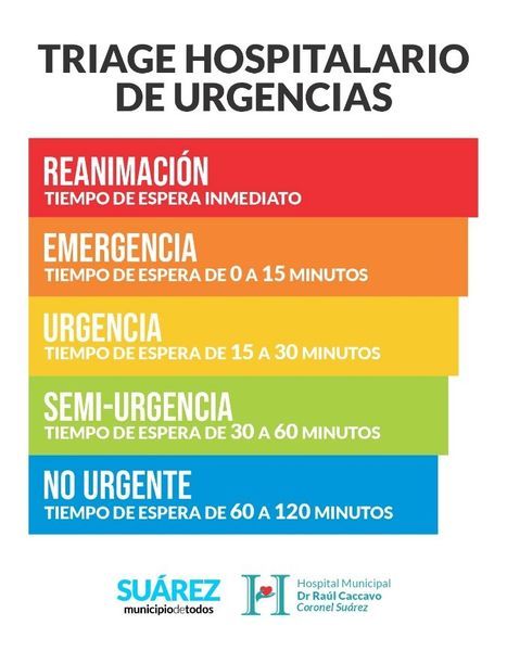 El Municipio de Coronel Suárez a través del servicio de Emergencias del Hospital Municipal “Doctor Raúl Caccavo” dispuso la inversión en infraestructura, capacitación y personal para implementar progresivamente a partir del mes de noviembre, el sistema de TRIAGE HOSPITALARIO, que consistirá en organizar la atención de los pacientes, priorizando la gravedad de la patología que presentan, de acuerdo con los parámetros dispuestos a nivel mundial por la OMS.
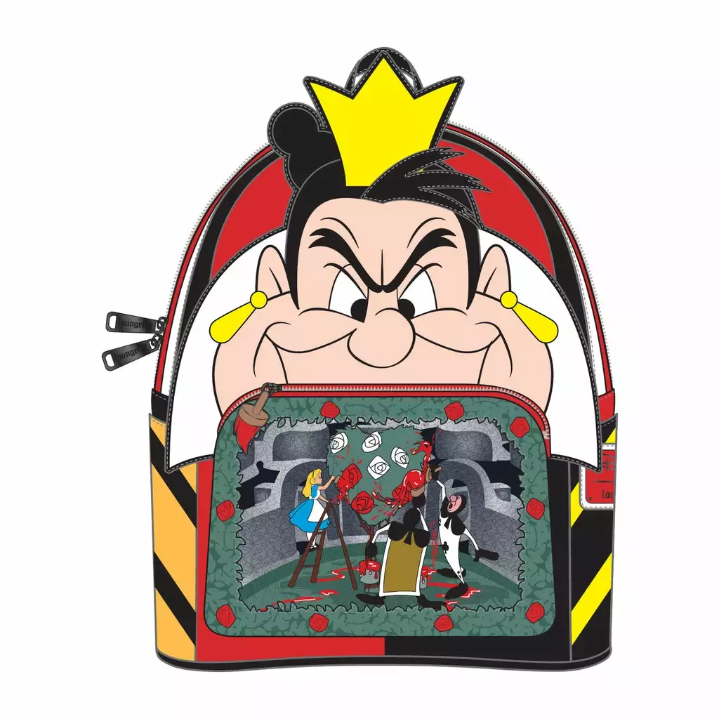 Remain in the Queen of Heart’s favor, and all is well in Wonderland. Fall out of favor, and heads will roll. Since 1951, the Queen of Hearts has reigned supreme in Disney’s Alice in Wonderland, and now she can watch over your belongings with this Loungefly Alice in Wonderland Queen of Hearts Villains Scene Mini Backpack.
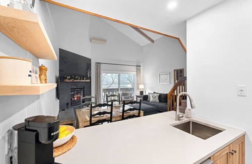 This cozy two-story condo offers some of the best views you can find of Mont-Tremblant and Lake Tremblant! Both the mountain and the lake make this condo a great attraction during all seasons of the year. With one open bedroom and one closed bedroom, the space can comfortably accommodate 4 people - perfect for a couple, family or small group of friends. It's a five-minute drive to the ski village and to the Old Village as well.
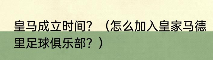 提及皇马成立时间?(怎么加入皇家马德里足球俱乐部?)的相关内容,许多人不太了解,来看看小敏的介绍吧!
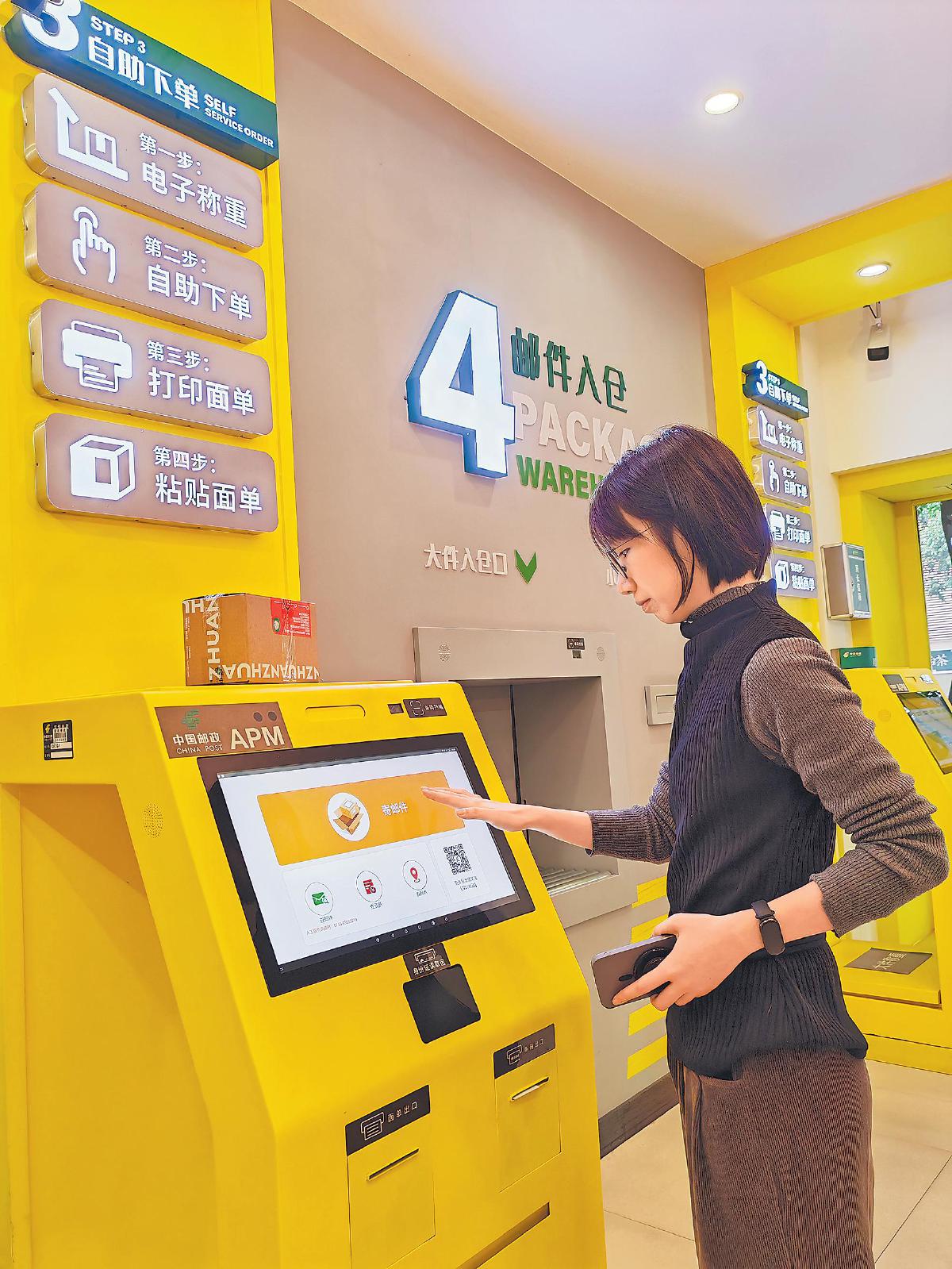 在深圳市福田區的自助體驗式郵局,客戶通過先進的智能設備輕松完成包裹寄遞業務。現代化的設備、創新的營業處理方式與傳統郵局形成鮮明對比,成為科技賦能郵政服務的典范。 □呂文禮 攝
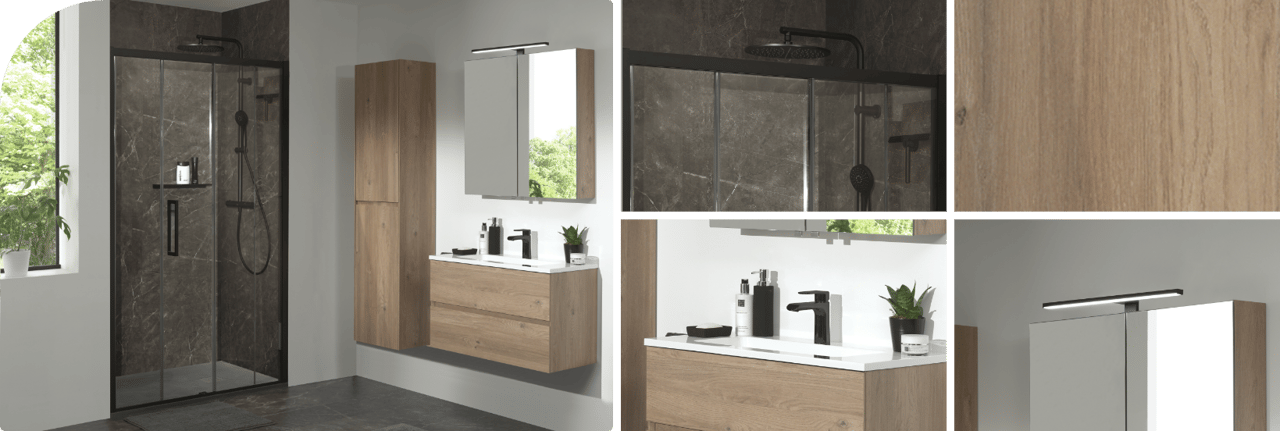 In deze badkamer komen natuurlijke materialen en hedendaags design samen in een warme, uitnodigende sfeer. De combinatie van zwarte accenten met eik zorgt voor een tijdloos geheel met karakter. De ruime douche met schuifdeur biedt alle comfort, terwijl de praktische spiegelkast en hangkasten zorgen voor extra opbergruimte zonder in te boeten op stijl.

○ ○ ○ ○ ○ ○ ○

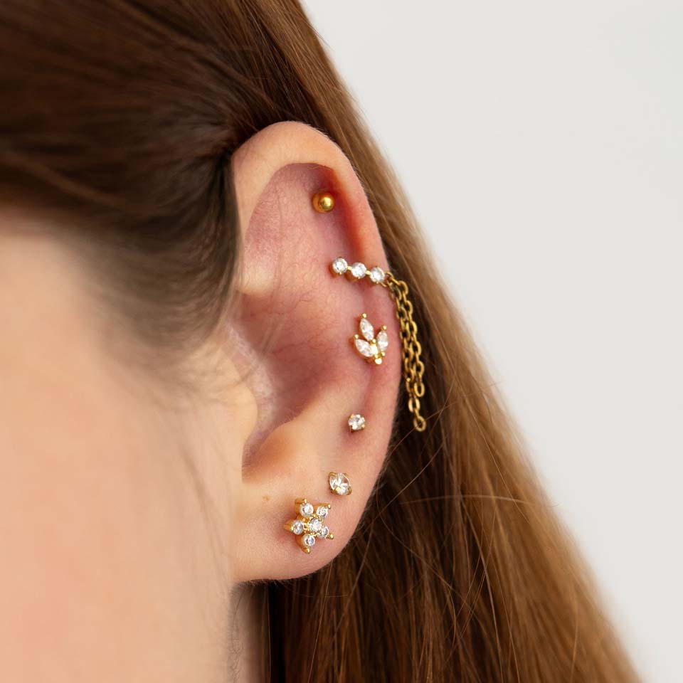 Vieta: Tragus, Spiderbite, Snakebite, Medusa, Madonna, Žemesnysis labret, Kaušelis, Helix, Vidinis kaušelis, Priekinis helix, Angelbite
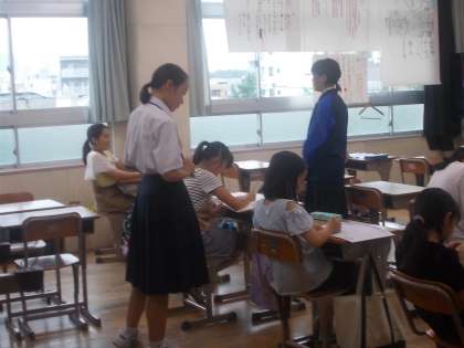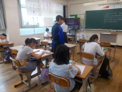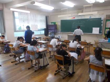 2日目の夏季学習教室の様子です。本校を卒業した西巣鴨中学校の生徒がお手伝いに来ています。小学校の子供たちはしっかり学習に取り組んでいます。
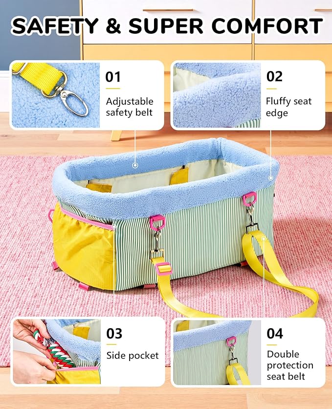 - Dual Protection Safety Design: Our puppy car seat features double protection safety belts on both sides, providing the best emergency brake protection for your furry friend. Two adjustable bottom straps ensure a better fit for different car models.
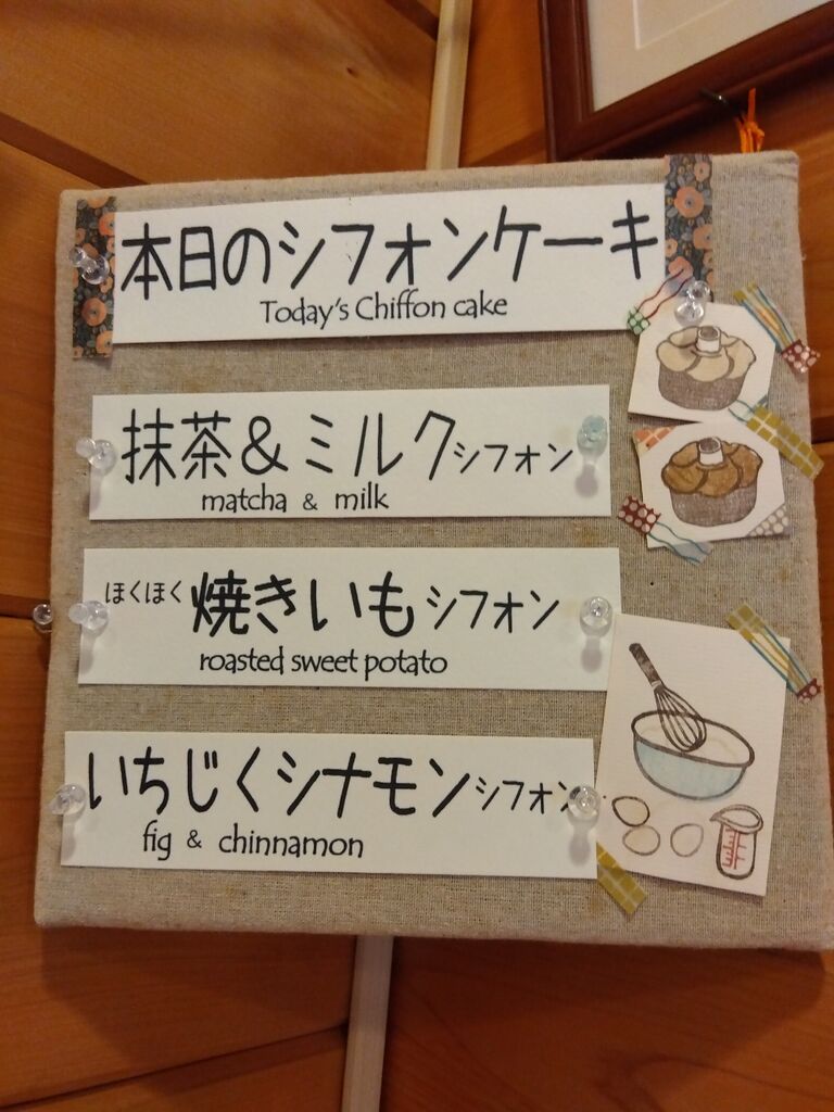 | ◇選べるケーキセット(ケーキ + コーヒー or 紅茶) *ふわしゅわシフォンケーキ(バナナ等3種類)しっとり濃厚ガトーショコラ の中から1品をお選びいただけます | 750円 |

○ ○ ○ ○ ○ ○ ○

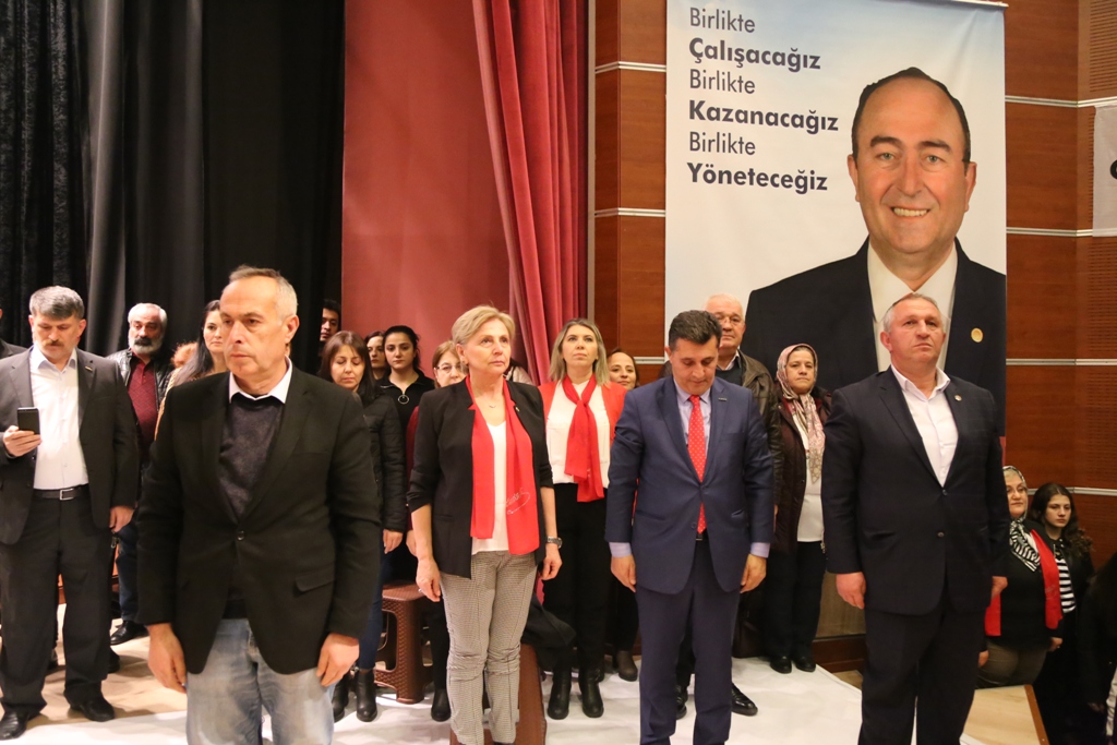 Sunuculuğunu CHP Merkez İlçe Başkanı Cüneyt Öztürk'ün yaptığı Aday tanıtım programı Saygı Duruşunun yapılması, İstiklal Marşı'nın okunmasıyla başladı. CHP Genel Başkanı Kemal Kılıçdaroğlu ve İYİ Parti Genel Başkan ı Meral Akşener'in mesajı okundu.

○ ○ ○ ○ ○ ○ ○

▶ [Exercise details] What is needed is an exact copy of the lines above, from the one holding "El Municipio de" down to the one holding "提及皇马成立时间?(怎么加入", with those two included and the pictures left out.

▶ [Output below]
 El Municipio de Coronel Suárez a través del servicio de Emergencias del Hospital Municipal “Doctor Raúl Caccavo” dispuso la inversión en infraestructura, capacitación y personal para implementar progresivamente a partir del mes de noviembre, el sistema de TRIAGE HOSPITALARIO, que consistirá en organizar la atención de los pacientes, priorizando la gravedad de la patología que presentan, de acuerdo con los parámetros dispuestos a nivel mundial por la OMS.
 Remain in the Queen of Heart’s favor, and all is well in Wonderland. Fall out of favor, and heads will roll. Since 1951, the Queen of Hearts has reigned supreme in Disney’s Alice in Wonderland, and now she can watch over your belongings with this Loungefly Alice in Wonderland Queen of Hearts Villains Scene Mini Backpack.
 This cozy two-story condo offers some of the best views you can find of Mont-Tremblant and Lake Tremblant! Both the mountain and the lake make this condo a great attraction during all seasons of the year. With one open bedroom and one closed bedroom, the space can comfortably accommodate 4 people - perfect for a couple, family or small group of friends. It's a five-minute drive to the ski village and to the Old Village as well.
 提及皇马成立时间?(怎么加入皇家马德里足球俱乐部?)的相关内容,许多人不太了解,来看看小敏的介绍吧!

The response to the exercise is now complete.